Successful business innovation with this generation

Baby Boomer, X, Y, Z - real added value in the company through generation trends

Armies of marketing specialists have written their fingers to the bone to analyze and categorize the changing generations. This has gone so far that communications experts are already drawing up detailed psychograms for those born in the 2010s. The customer is king! But how useful is that for generating innovation in the company?

Armies of marketing specialists have written their fingers to the bone to analyze and categorize the changing generations. This has gone so far that communications experts are already drawing up detailed psychograms for those born in the 2010s. The customer is king, so it goes without saying that we want to know his needs down to the last detail. But how useful is this for generating innovation in the company?

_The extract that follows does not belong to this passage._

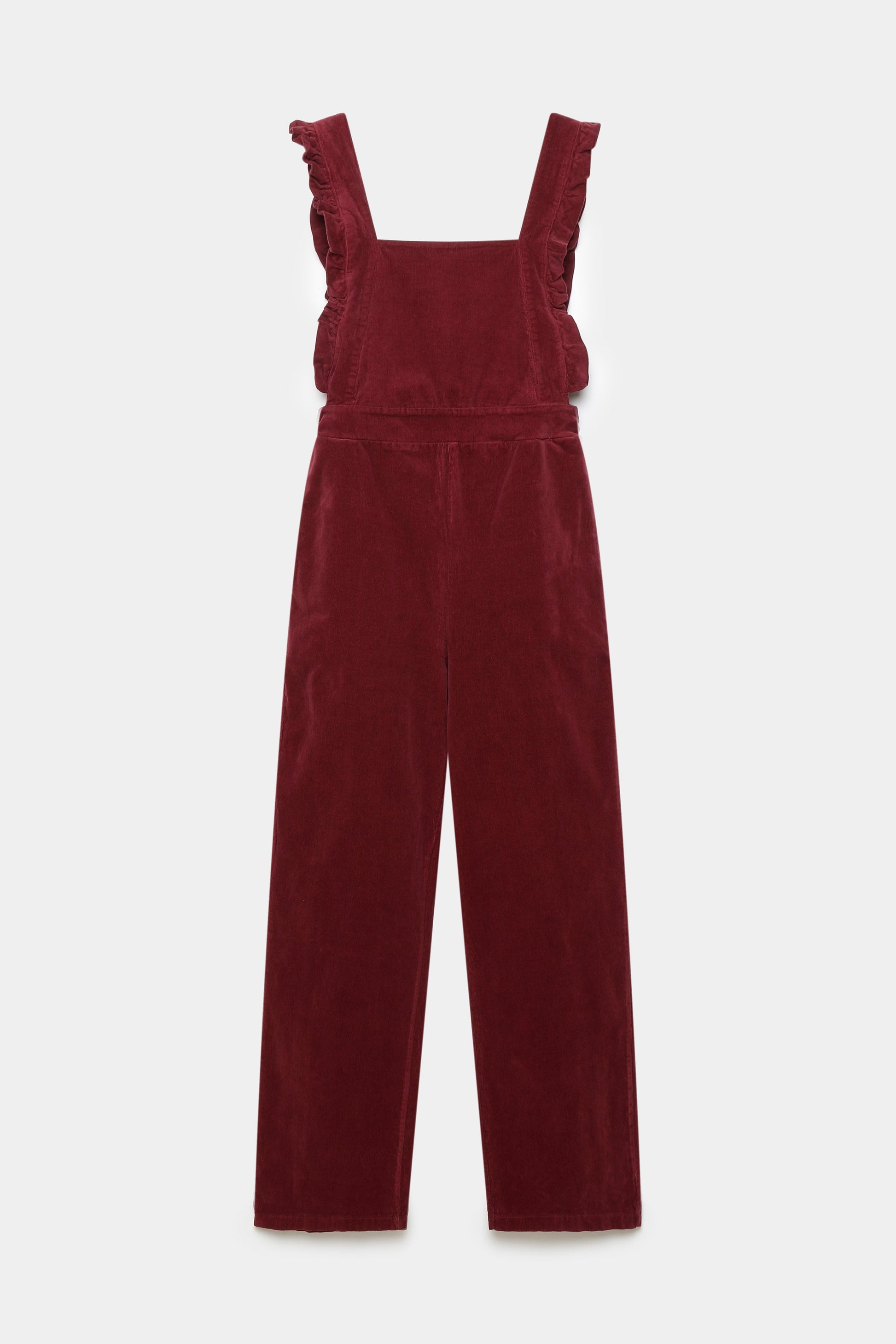 Tejido de algodón. Diseño recto. Diseño largo. Escote cuadrado. Tirantes anchos. Panel elástico. Cuatro bolsillos. Detalle de estrellas.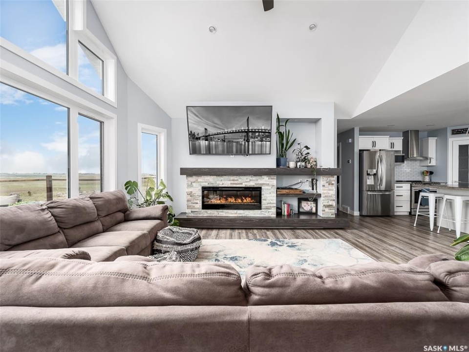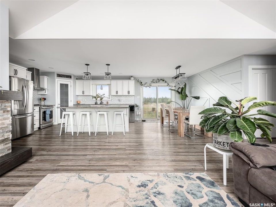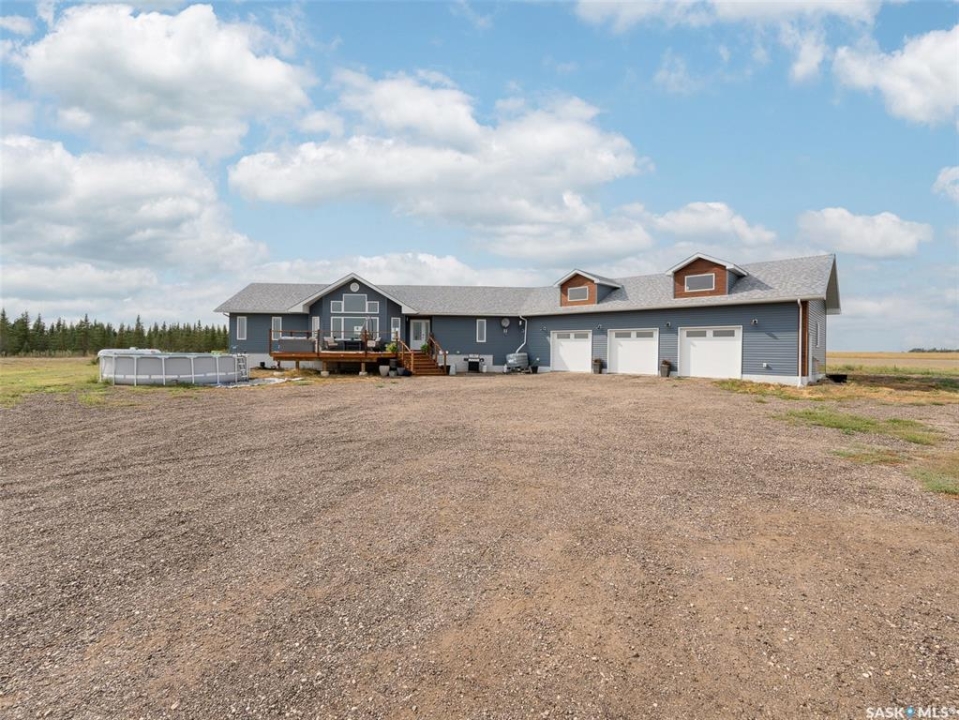 Dreaming of life in the country just minutes from the city?? Stargazing on your deck away from the city lights? Dreams do come true! This 10 acre parcel boasts a 1,600+ square foot home that is built with the best view in mind & the front deck will be your favourite place to soak up the sunrise! Inside, this home feels warm & welcoming with a modern farmhouse vibe! The view from the Living Room is stunning with huge south facing windows taking full advantage or the vaulted ceiling & is set off with a sleek Fireplace flanked by rustic built-ins. The open concept main floor is perfect for gathering with family & friends with the Kitchen boasting custom concrete countertops, deep farmhouse sink, corner pantry, stylish lighting & island with the Dining Room finished with feature wall & patio doors opening on to a new back deck. To one side of the home, you will find 2 spacious Bedrooms & full Bath with the Primary Suite (walk-in closet & 4pc Ensuite) on the opposite side of the house allowing for privacy. MAIN FLOOR LAUNDRY is adjacent to the MASSIVE HEATED GARAGE with soaring ceilings & dormers (future mezzanine??). The lower level is ready for your ideas with r/in plumbing for additional Bath & framing is set to begin to develop a Family Room, Bath & 2 Bedrooms (state of completion will depend on purchase timeline & is negotiable). Start planning your move to the country now & enjoy the peace & tranquility this change of address will bring! Directions: From MJ - Highway 1 East to Weyburn turn off. North on 301 to Twp Rd 172. East approximately 3kms to sign.

Class or milieu – What are generations?

The idea of understanding social change through generational affiliation is not that old. In contrast to biological theories of society and other categories considered immutable at the time, such as class or stratum, the sociologist Karl Mannheim devised a new model in his 1928 essay “Problem of Generations”. He wanted to explain the motivation of those who bring about change in society. In contrast to the traditional understanding of the world, which was based on unchanging conditions in nature, he attached great value to becoming and actively shaping the environment. He pursued the idea of a constant generative renewal of societies, which acts as a rhythm of historical change. In the 20th century, this idea significantly influenced theoretical approaches within the humanities that dealt with revolutions and political and economic upheavals.

Why doesn’t everything stay the same? It is because of different perspectives on the same events that create conflicts about what is the right thing to do. A generation is a specific age cohort whose members are all born within a defined period of time – typically over a period of about 20 years. According to the generational model, they are linked by a common social imprint. The assumption of a cultural state of consciousness determined by chronology is a kind of community of fate that binds each generation together. It experiences the external events and especially the “milieu” shaped by events in childhood and youth in the same inner dialectic. This in turn determines their worldview, which they perceive as natural. This natural worldview also brings them into conflict with other generations who grow up with partly opposite experiences and therefore judge the present from other points of view – as an example, early imprints of war and hunger on the one hand or prosperity and security on the other.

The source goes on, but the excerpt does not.